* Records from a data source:
((
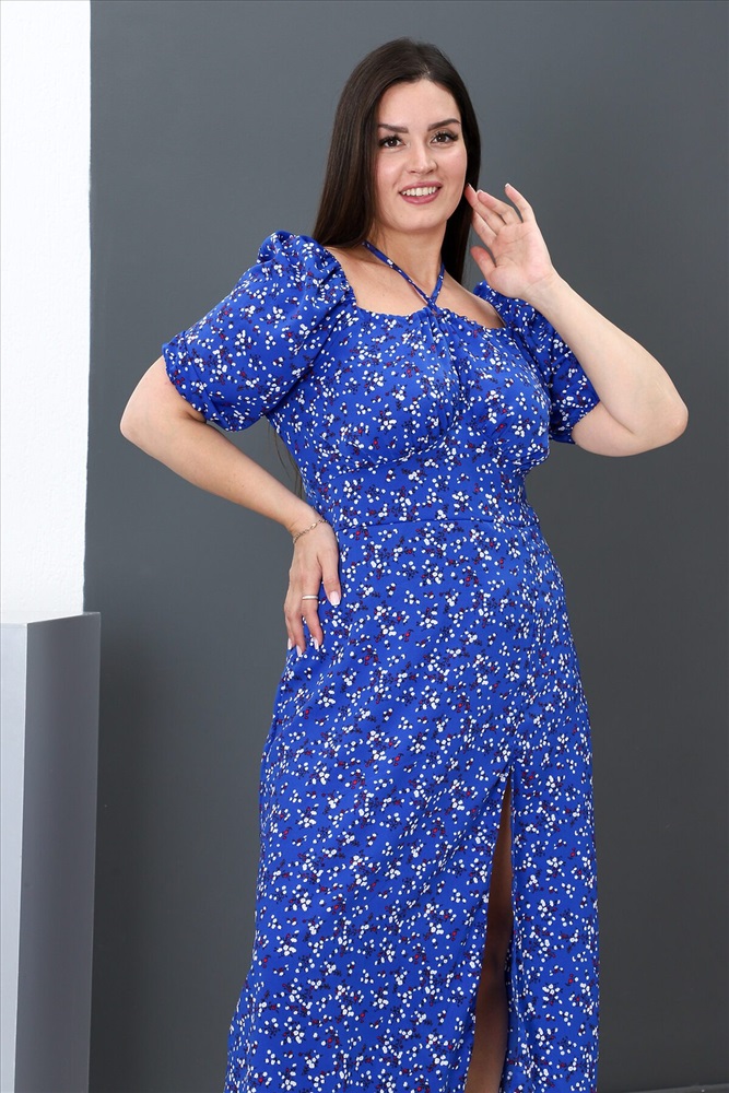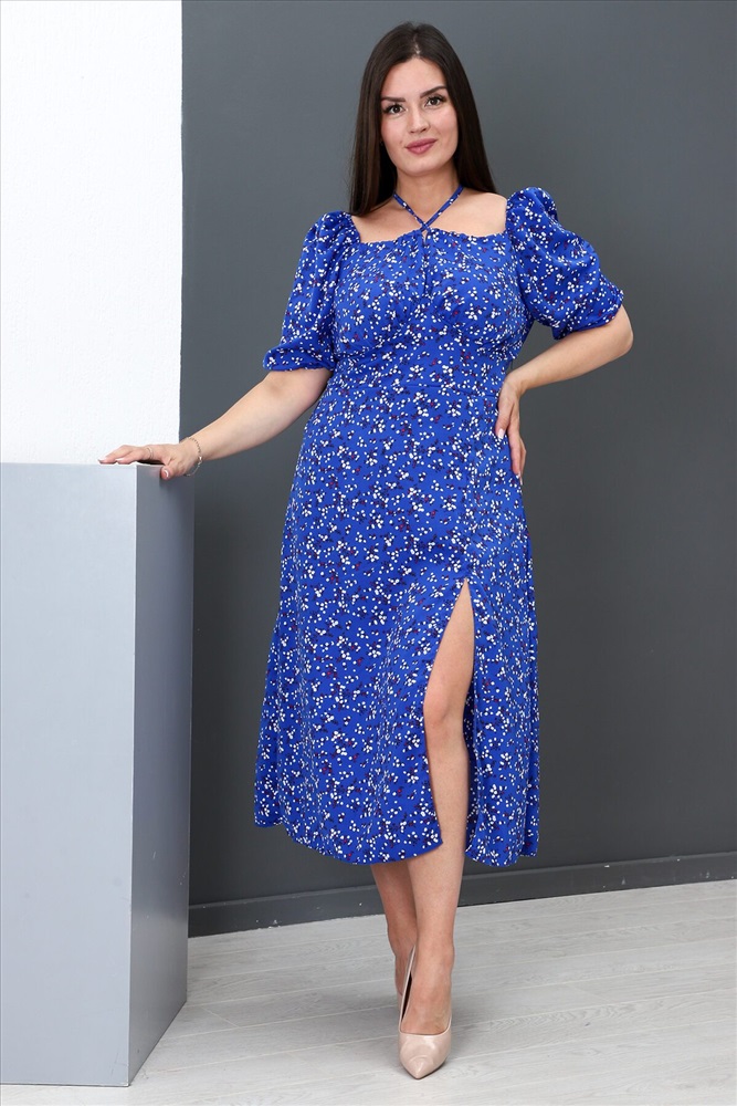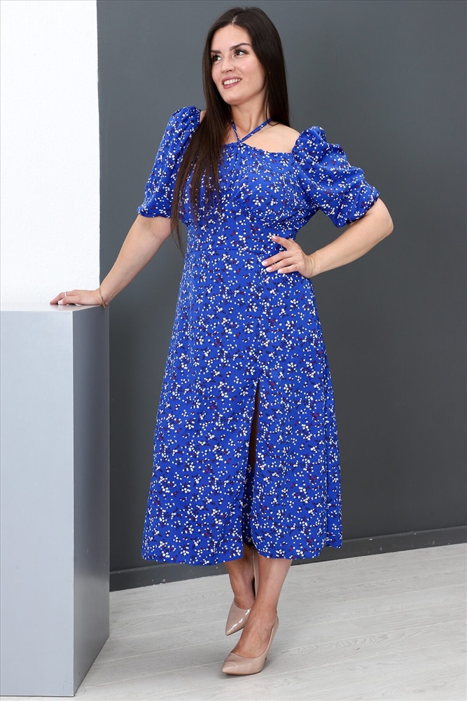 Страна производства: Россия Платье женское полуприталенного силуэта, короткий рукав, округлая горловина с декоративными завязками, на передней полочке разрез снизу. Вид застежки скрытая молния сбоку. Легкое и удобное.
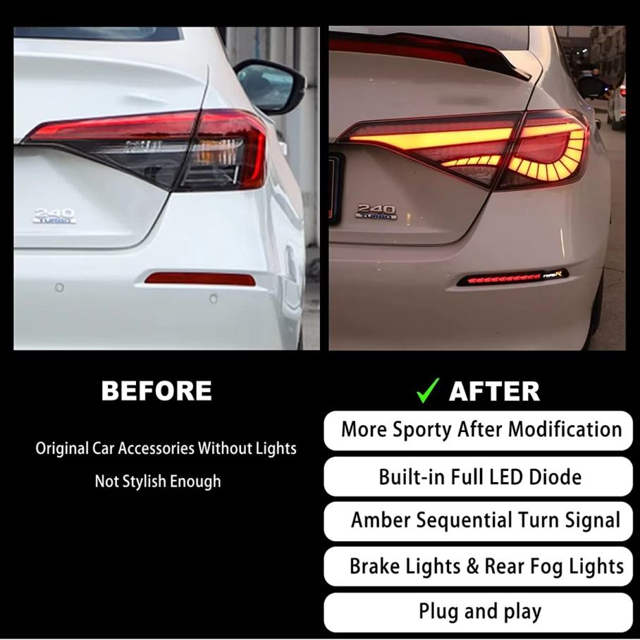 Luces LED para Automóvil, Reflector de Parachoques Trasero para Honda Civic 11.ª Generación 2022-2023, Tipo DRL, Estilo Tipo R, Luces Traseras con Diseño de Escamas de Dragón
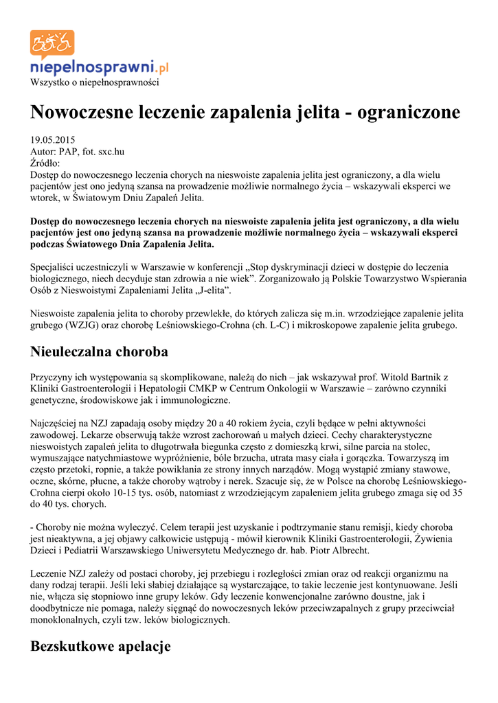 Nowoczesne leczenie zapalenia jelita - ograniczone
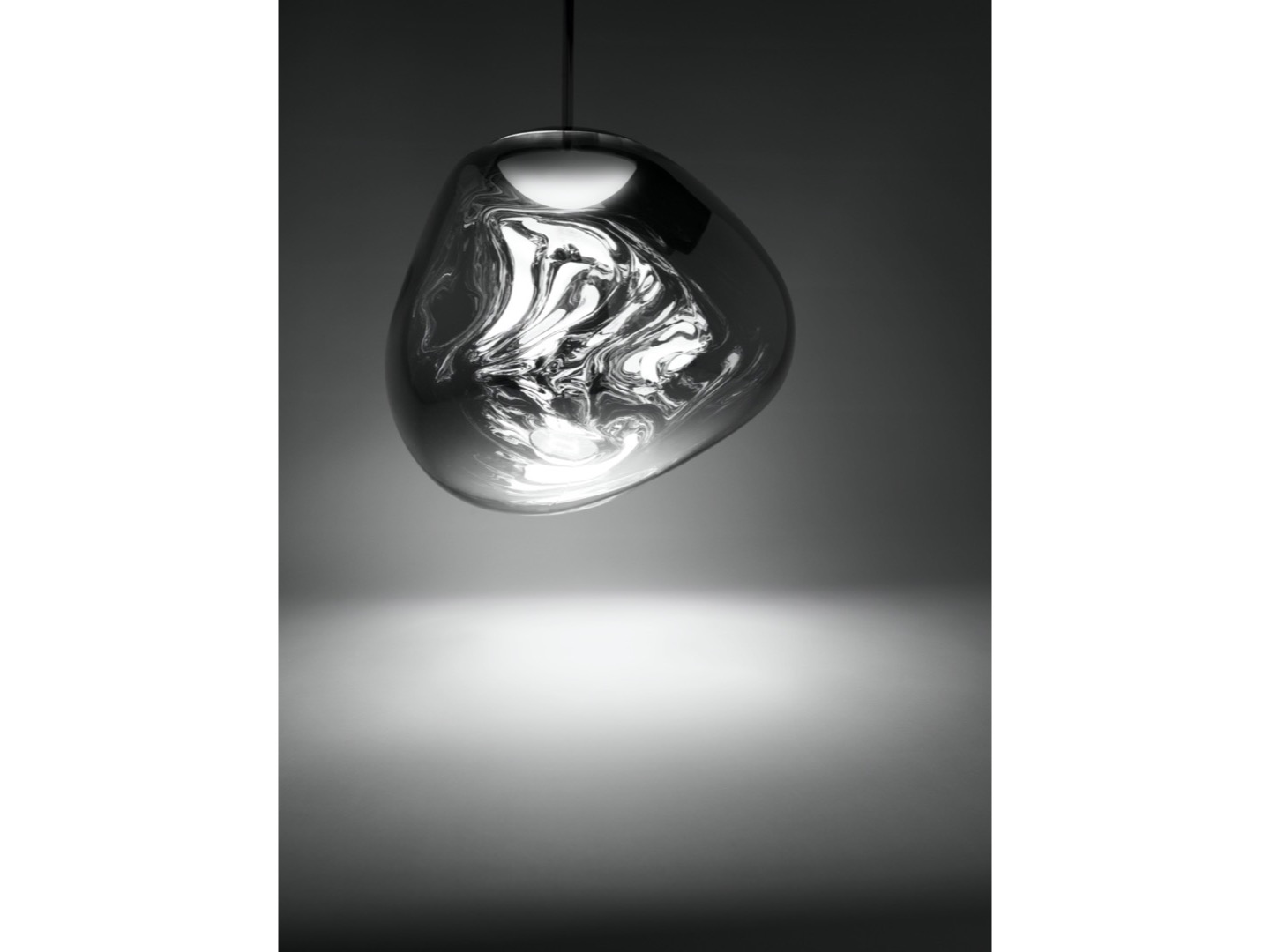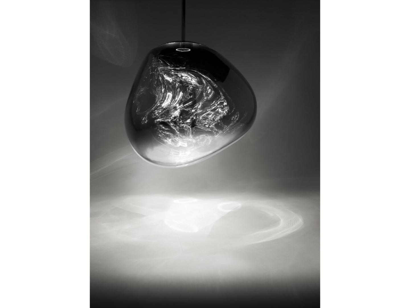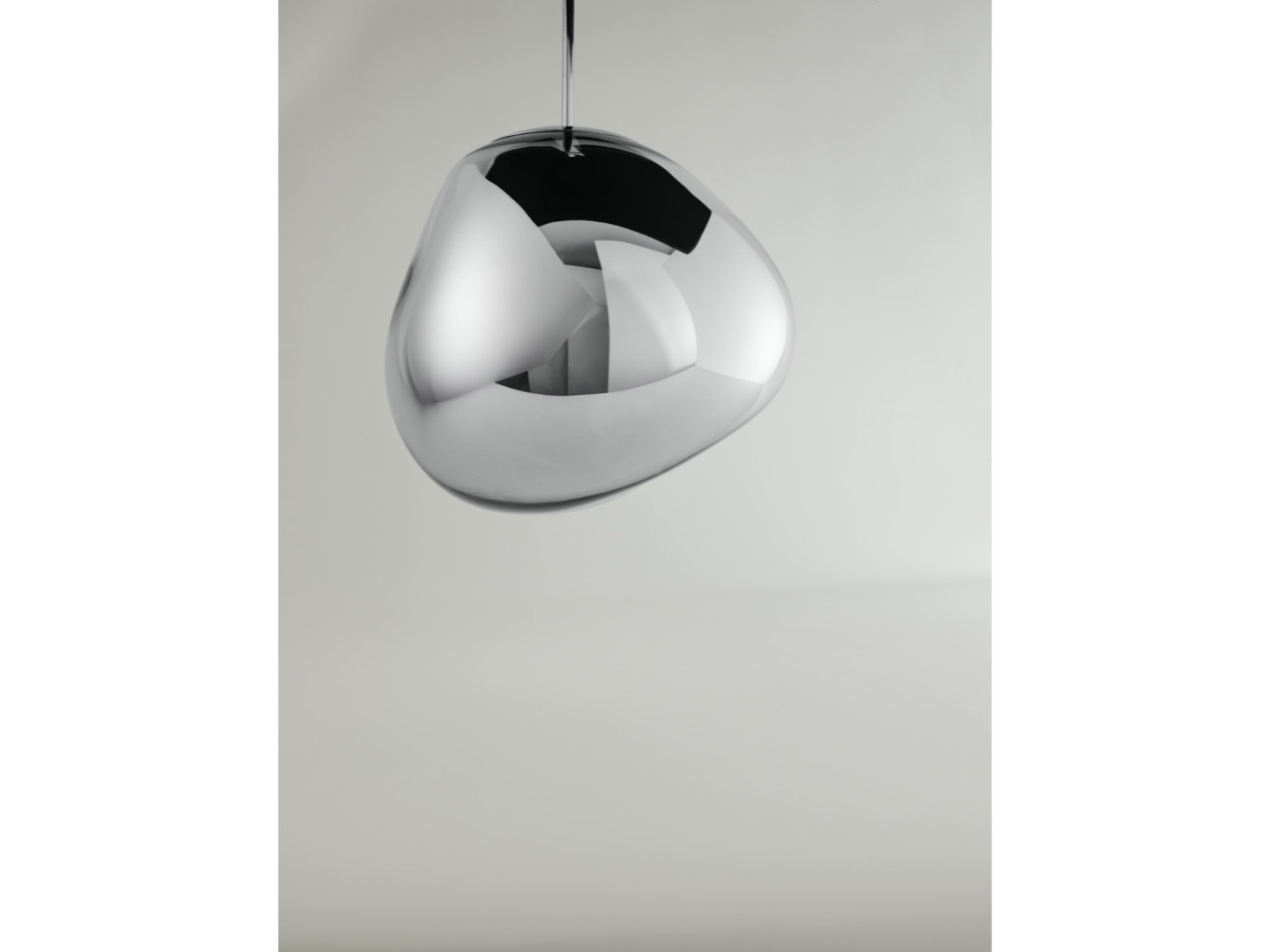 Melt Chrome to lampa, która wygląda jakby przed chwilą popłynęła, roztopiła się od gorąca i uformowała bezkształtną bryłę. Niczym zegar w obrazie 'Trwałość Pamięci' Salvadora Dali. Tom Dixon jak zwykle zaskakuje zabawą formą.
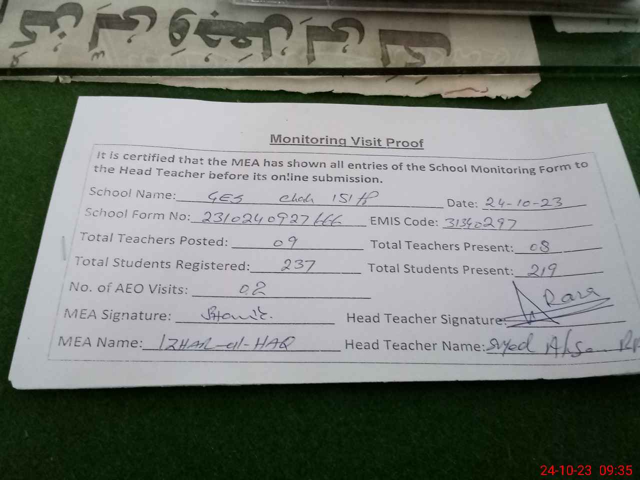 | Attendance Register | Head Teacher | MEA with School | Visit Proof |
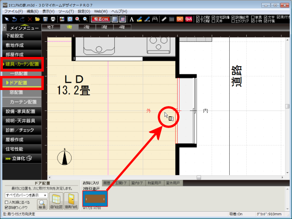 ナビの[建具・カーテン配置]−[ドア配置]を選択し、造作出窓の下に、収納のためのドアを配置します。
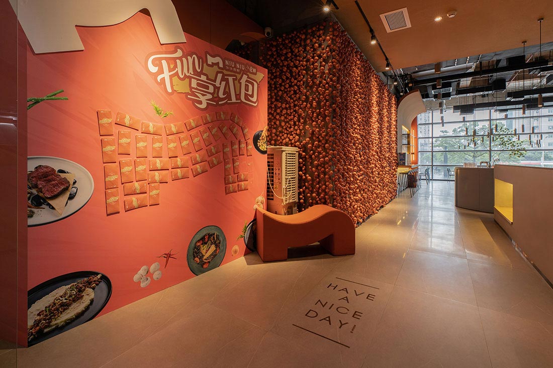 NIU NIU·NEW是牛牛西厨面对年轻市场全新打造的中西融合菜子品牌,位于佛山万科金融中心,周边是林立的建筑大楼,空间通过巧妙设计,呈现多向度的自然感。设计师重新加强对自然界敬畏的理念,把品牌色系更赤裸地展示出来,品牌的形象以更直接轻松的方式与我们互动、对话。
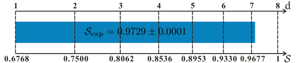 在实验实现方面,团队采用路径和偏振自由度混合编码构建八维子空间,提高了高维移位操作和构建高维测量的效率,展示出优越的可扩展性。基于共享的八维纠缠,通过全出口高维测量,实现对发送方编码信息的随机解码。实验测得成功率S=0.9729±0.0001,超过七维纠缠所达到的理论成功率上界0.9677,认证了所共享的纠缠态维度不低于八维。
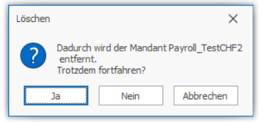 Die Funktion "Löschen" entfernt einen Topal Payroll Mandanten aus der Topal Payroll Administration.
))
* TASK DESCRIPTION:
Please retype the lines from the one that contains "在实验实现方面,团队采用路径" through the final line of the data, both included, without any pictures.

* TASK RESULT:
 在实验实现方面,团队采用路径和偏振自由度混合编码构建八维子空间,提高了高维移位操作和构建高维测量的效率,展示出优越的可扩展性。基于共享的八维纠缠,通过全出口高维测量,实现对发送方编码信息的随机解码。实验测得成功率S=0.9729±0.0001,超过七维纠缠所达到的理论成功率上界0.9677,认证了所共享的纠缠态维度不低于八维。
 Die Funktion "Löschen" entfernt einen Topal Payroll Mandanten aus der Topal Payroll Administration.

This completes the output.